# Work request:
Print each entry again exactly as written, and keep the pictures out.

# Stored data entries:
Segment Open
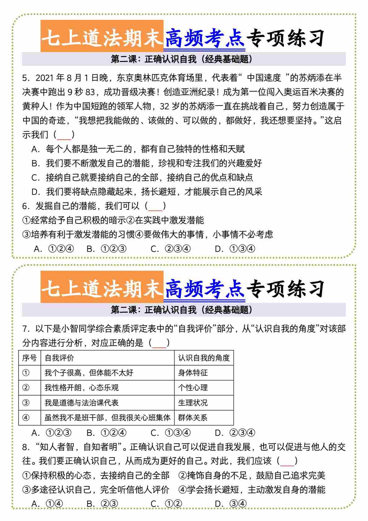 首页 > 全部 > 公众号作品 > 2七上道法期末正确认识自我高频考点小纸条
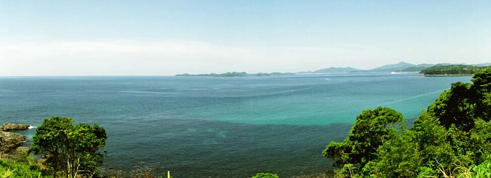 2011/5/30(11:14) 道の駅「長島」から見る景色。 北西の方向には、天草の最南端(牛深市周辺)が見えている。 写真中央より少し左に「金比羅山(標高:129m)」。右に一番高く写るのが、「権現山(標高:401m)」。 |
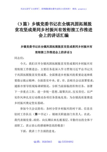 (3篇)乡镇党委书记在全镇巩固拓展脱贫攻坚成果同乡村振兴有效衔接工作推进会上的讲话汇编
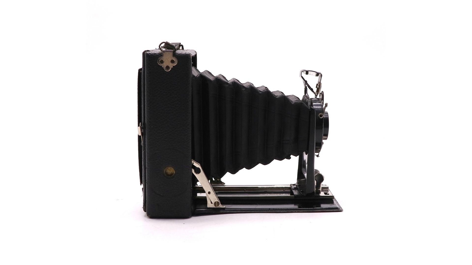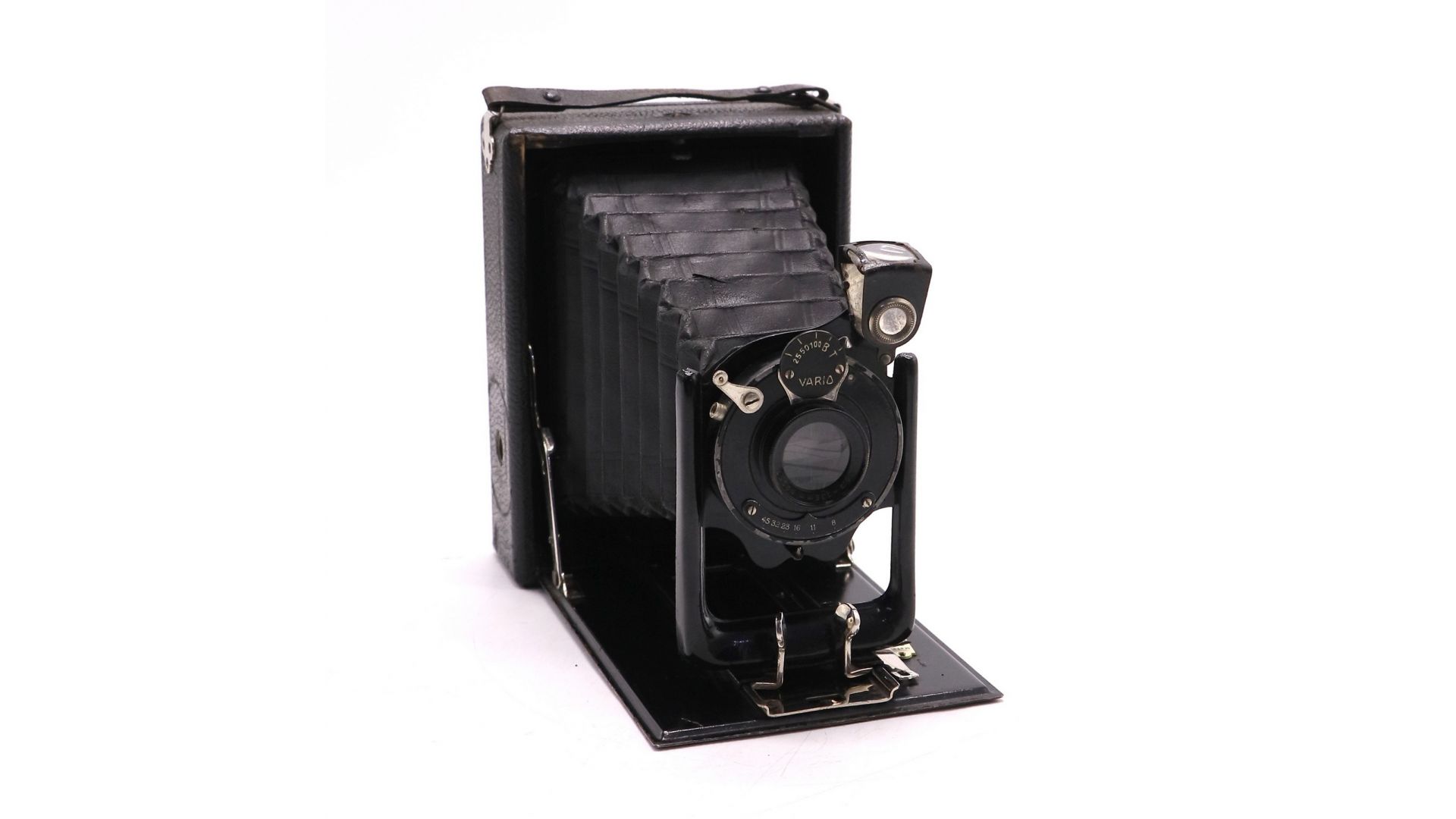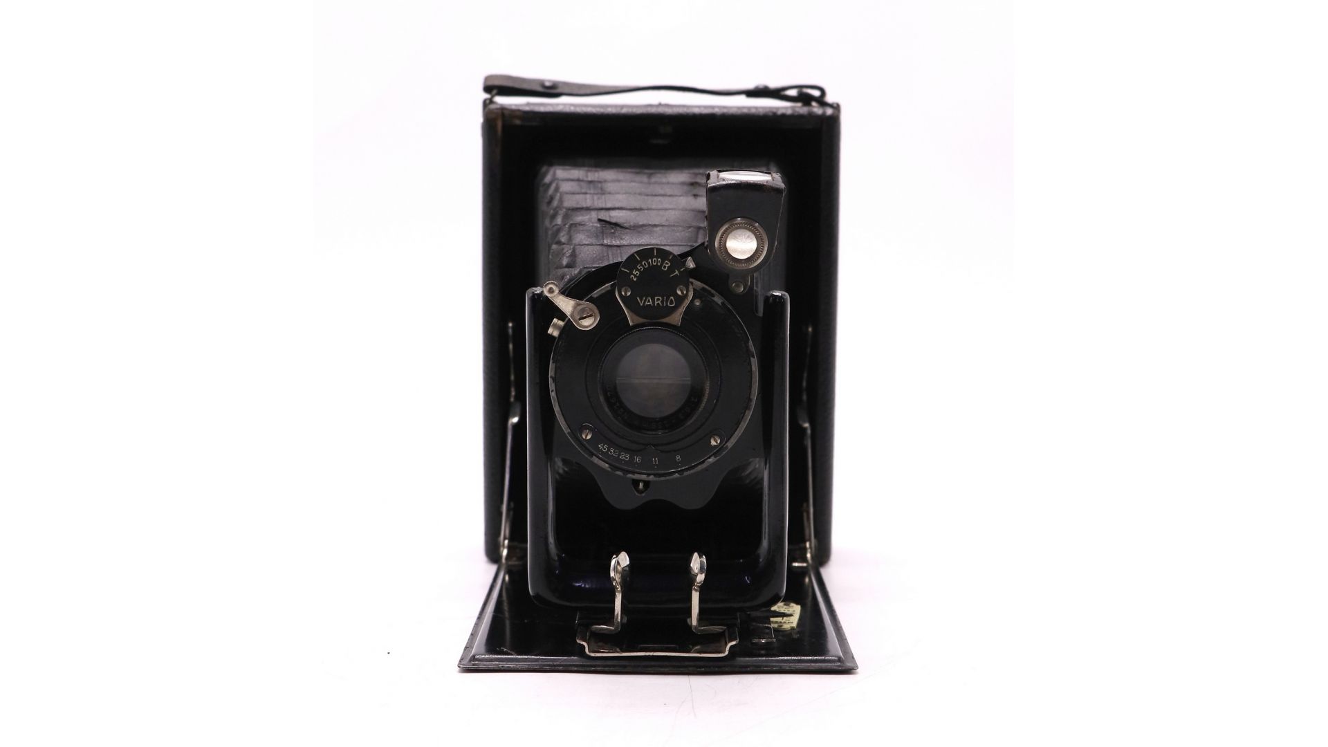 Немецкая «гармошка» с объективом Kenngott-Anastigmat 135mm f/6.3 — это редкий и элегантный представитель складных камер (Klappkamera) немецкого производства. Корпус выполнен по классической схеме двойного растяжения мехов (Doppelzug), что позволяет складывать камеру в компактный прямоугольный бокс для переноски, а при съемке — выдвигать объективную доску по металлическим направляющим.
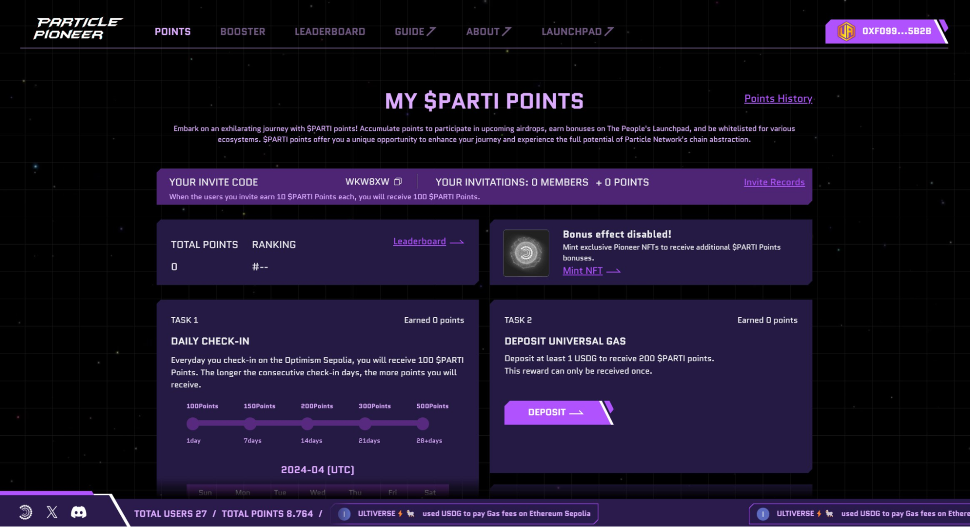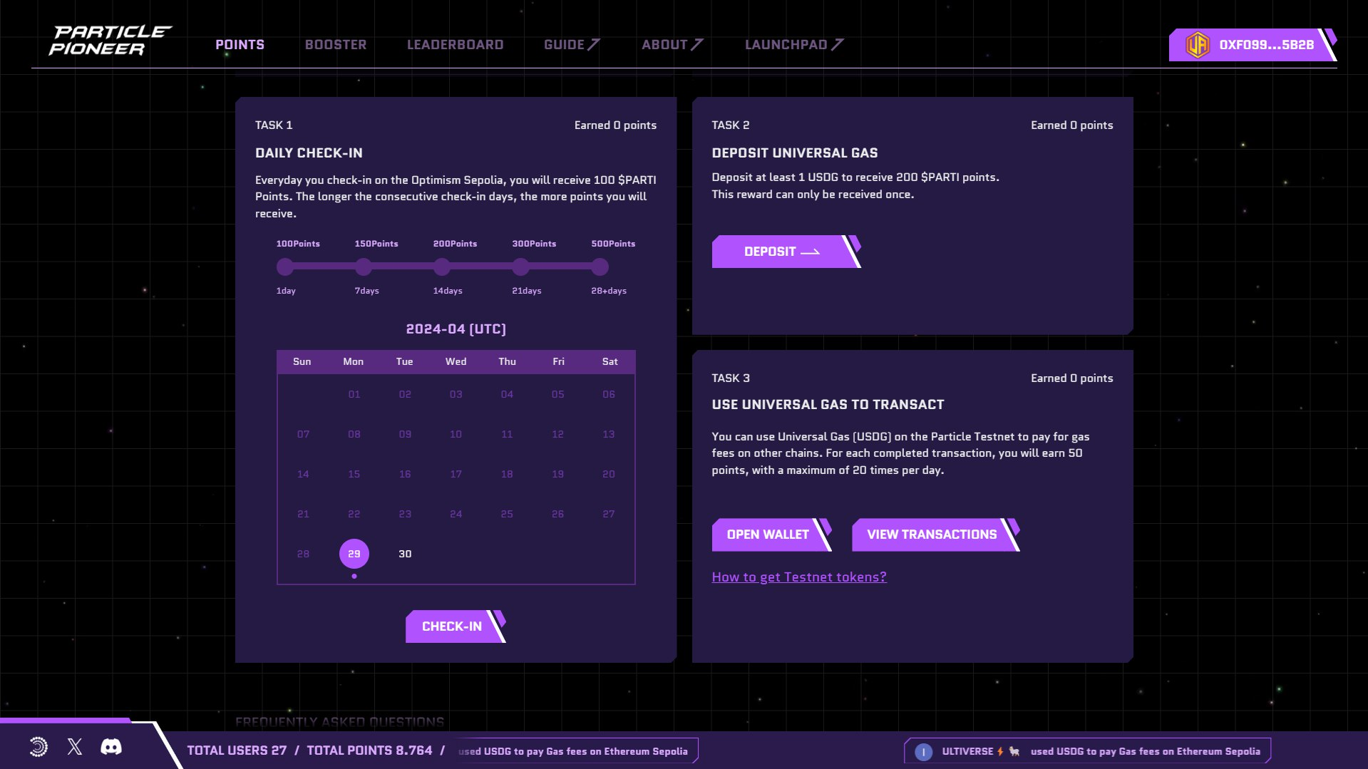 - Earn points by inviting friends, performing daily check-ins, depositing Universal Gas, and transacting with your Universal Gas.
Segment Closed
# The completed task:
 首页 > 全部 > 公众号作品 > 2七上道法期末正确认识自我高频考点小纸条
 2011/5/30(11:14) 道の駅「長島」から見る景色。 北西の方向には、天草の最南端(牛深市周辺)が見えている。 写真中央より少し左に「金比羅山(標高:129m)」。右に一番高く写るのが、「権現山(標高:401m)」。 |
 (3篇)乡镇党委书记在全镇巩固拓展脱贫攻坚成果同乡村振兴有效衔接工作推进会上的讲话汇编
 Немецкая «гармошка» с объективом Kenngott-Anastigmat 135mm f/6.3 — это редкий и элегантный представитель складных камер (Klappkamera) немецкого производства. Корпус выполнен по классической схеме двойного растяжения мехов (Doppelzug), что позволяет складывать камеру в компактный прямоугольный бокс для переноски, а при съемке — выдвигать объективную доску по металлическим направляющим.
 - Earn points by inviting friends, performing daily check-ins, depositing Universal Gas, and transacting with your Universal Gas.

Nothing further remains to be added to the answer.